Back when I was 16, I got a tattoo from an amateur artist of what was supposed to be two hearts and two roses with a ribbon flowing through them and ugh! a NAME. I love…. The man forever named on my breast was a real son of a bitch. A man (I even hesitate to use that noun as he was more like a troll) who was awful to me but at the time, in my twisted adolescent brain, I thought more of him than he would ever deserve. For so long, I lived with that mark. As time passed, it faded a great deal. The name has been illegible for years. I got used to it. I even got to the point where I didn’t even really notice it anymore. Unless I did. And then there it was… A permanent reminder of one of the most painful periods of my life. Immortalized forever in dim tattoo ink, right over my heart.
I have experienced what feels like three lifetimes worth of stuff so far. Some of it has been damn hard. But I’m at a point now where I can honestly say I like who I am and who I’m growing into. I like what my life looks like. I am finding joy, I’m experiencing it. I am doing what I want to be doing in most areas and where I’m not, improvements are happening. I feel AWAKE. So, it was time to do something about that tainted blemish on my chest. I knew what I wanted but I did not know how to translate the image and the idea into words.

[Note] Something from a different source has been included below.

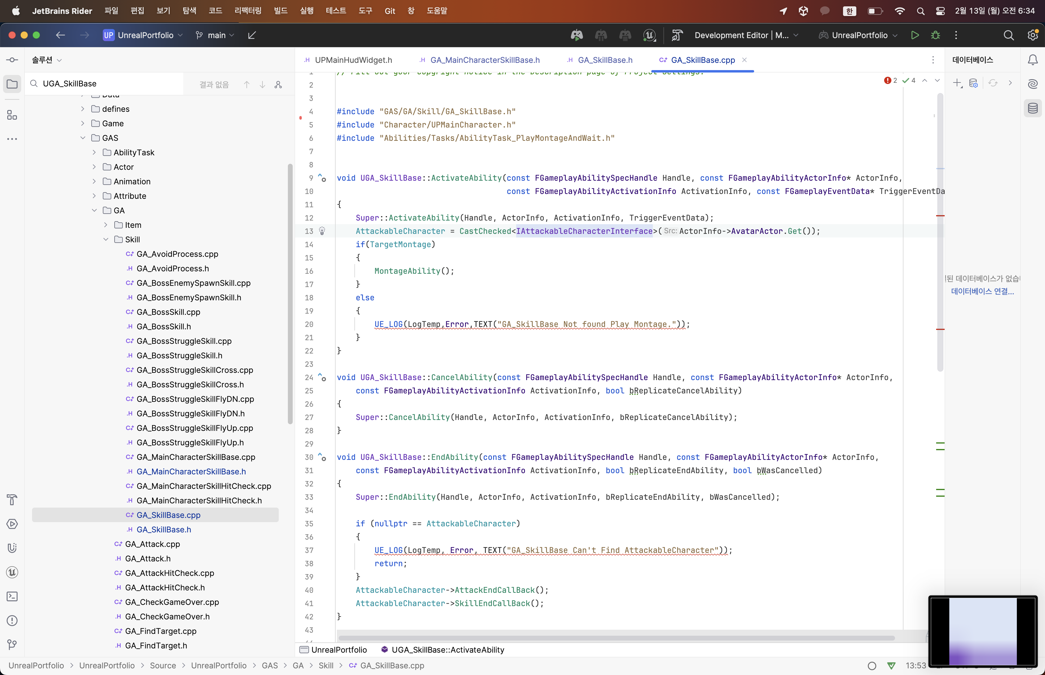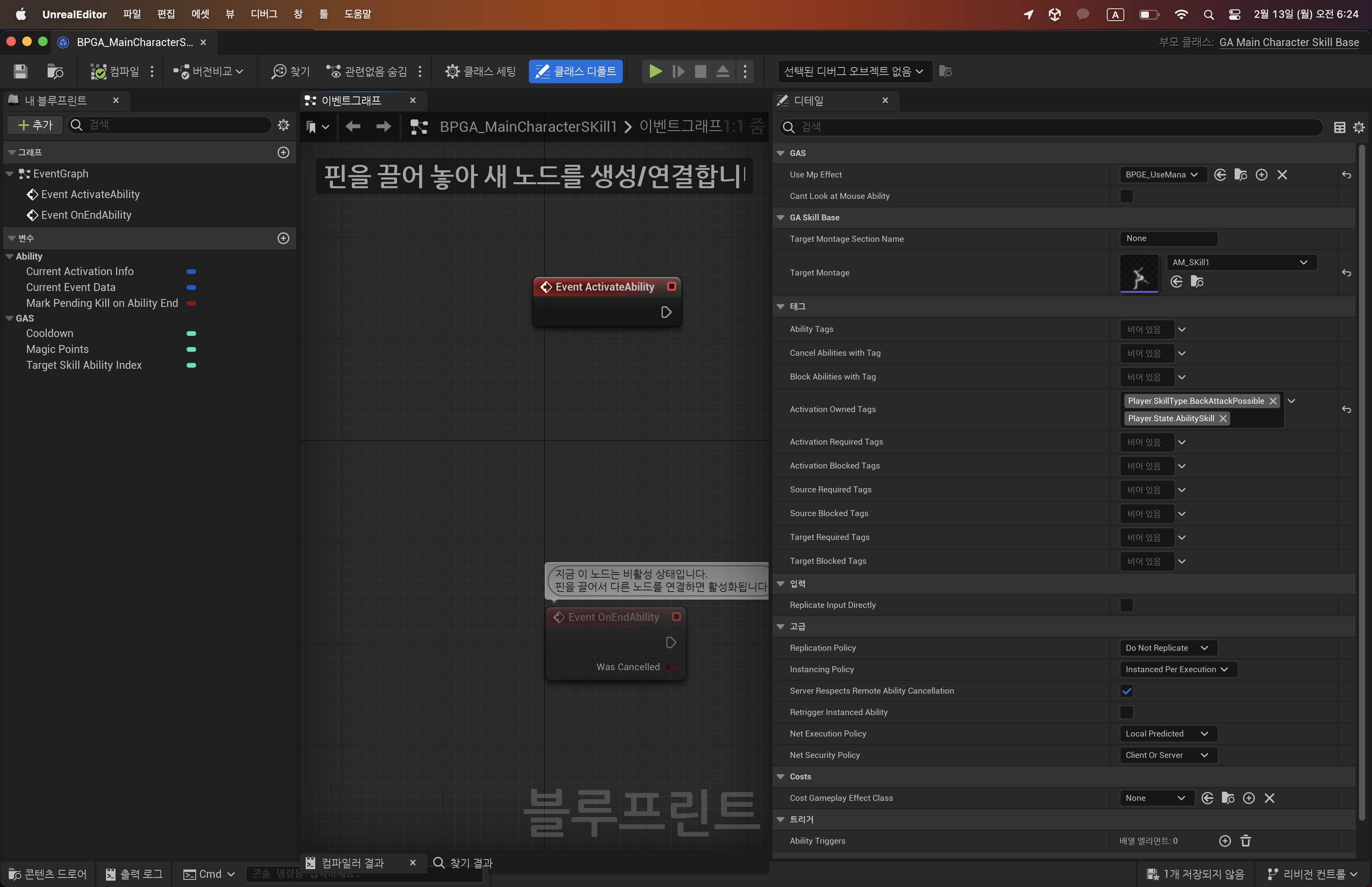 제가 만든 GameAbility의 역할은 해당 GA스킬의 몽타주가 재생됩니다, GA의 정의된 소모마나만큼 플레이어의 mp를 차감합니다. 스킬 발동이후 쿨타임이 재생됩니다.

Thanks to the recommendation of a fellow cyclist, I learned of Paris Pierides of Paris Tattos in Charlotte. His work was so unique, I knew I wanted him to be my artist. I sat down with him and he showed me some of his past work. We talked. He asked questions. It seemed as if, as we discussed the options, his intuition talked to mine. That is the only explanation I can think of for how he managed to give me the exact tattoo I envisioned. It is so very beautiful. I feel more beautiful. It’s like having on the most perfect gown – the kind of gown that makes a woman feel as if she were the loveliest woman alive – only I get to wear it every day of my life.